O tempo jamais apagará da nossa memoria este terrível acidente aéreo que envolveu a delegação do time da Chapecoense em Medelín. Uma tragédia que abalou o mundo inteiro.

Dizem que através da dor é que surge a união e o amor. Pois é. Aquilo que andava “tão esquecido” no meio de nós, motivado certamente pelo momento de crise política e social que vive o Brasil, reaparece agora com um belo exemplo de altivez e carinho do povo da república colombiana:solidariedade e fraternidade.

Os colombianos nos deram, neste momento de dor e de profunda tristeza, um extraordinário exemplo de amor ao próximo.

Momentos inesquecíveis foram vistos no estádio de futebol onde seria decidida a copa sul-americana.
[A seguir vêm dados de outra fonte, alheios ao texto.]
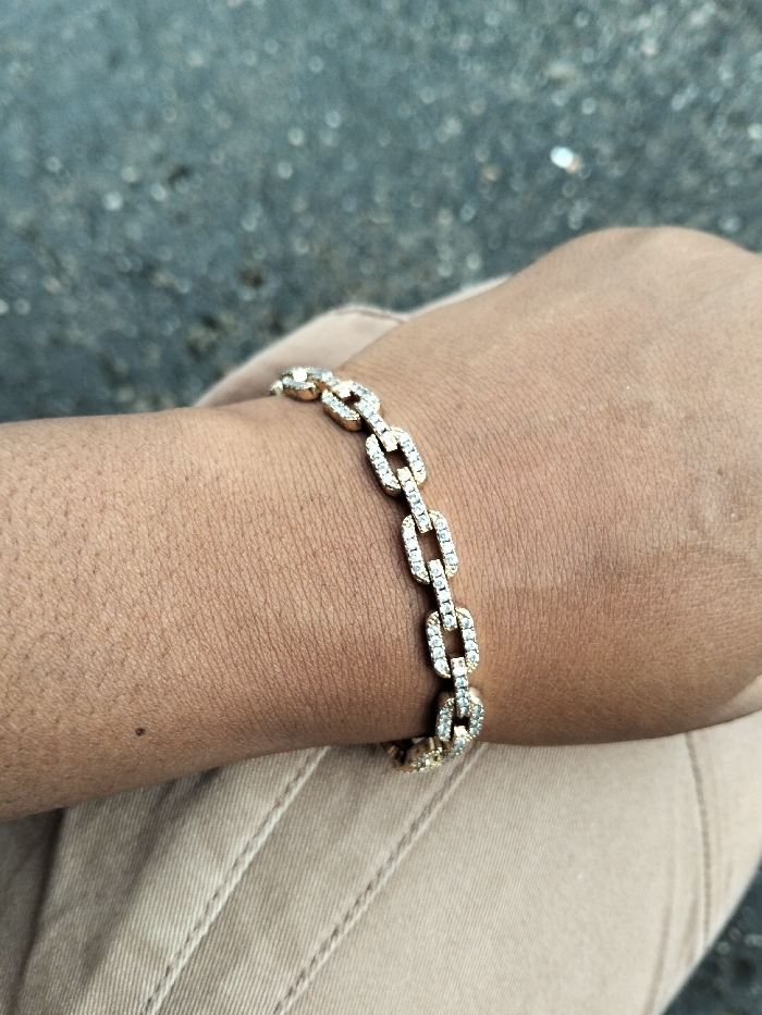 This image depicts a close-up view of an individual's right wrist and forearm, resting on a beige or light brown fabric garment, in Port-Harcourt, Nigeria. The skin tone of the arm is dark. A gold-toned link bracelet, encrusted with multiple small, clear, faceted stones on each link, is worn on the wrist. The garment features visible stitching. The background is a heavily blurred, dark grey, granular surface, consistent with outdoor pavement such as asphalt or concrete, indicating an outdoor setting. No other individuals or specific actions are visible.
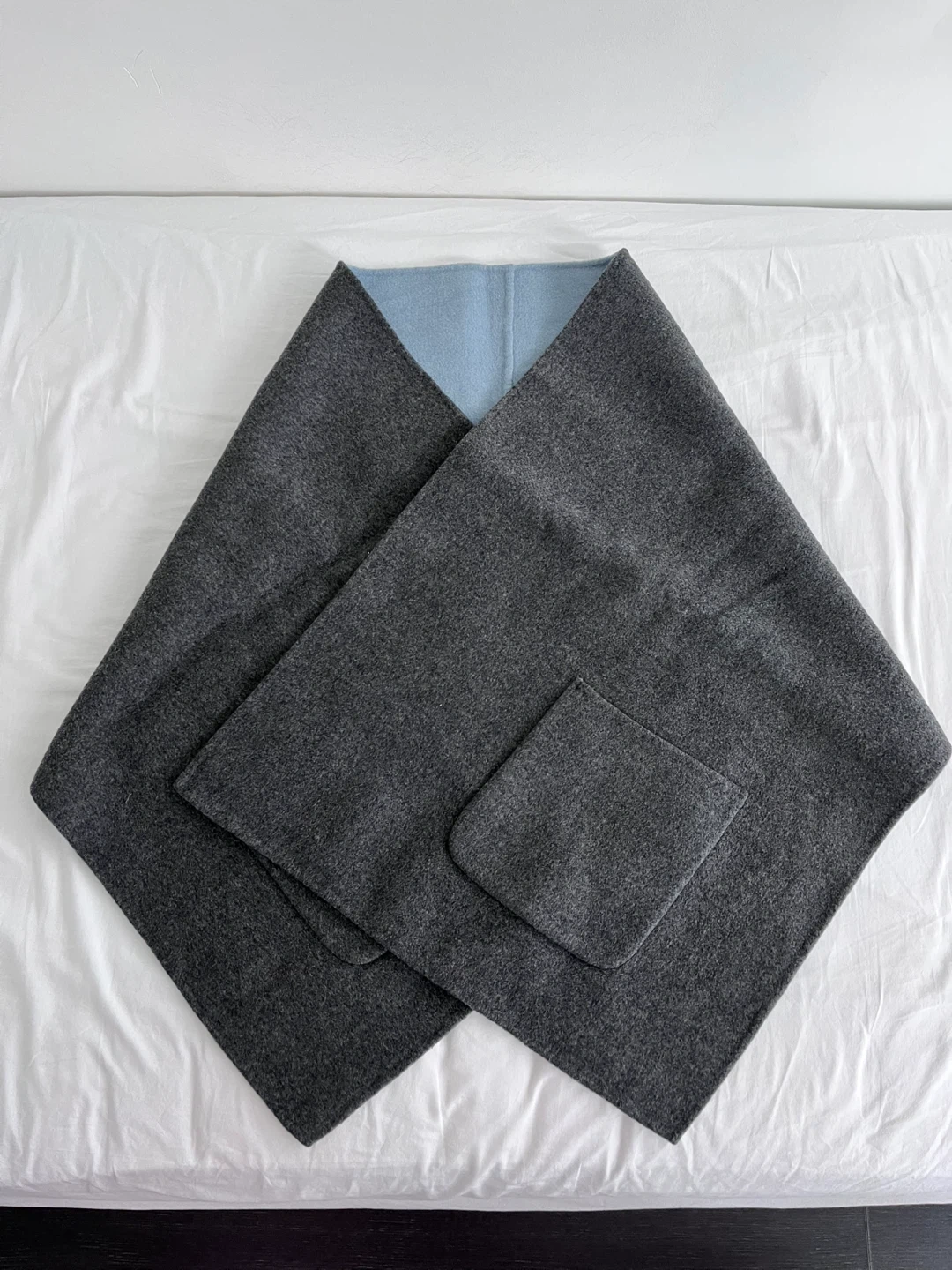 Reversible Shawl Wrap with Pockets - Wool felt-like fabric

O carinho que eles tiveram para conosco foi muito emocionante.

Descobrimos uma nação nobre e cheia de princípios para ensinar o mundo todo.

Os jovens atletas da Chapecoense que iriam, nesta quarta-feira, 30 de novembro de 2016, disputar o título da Copa Sul-Americana, vão ficar para a história. Não apenas do futebol brasileiro, mas do sul-americano e mundial como verdadeiros heróis.

Não se encontram palavras para expressar a nossa tristeza pelas 71 vidas ceifadas. Nosso respeito e admiração ao povo Catarinense, às famílias enlutadas dos atletas da Chapecoense, da comissão técnica, bem como dos jornalistas e de toda tripulação.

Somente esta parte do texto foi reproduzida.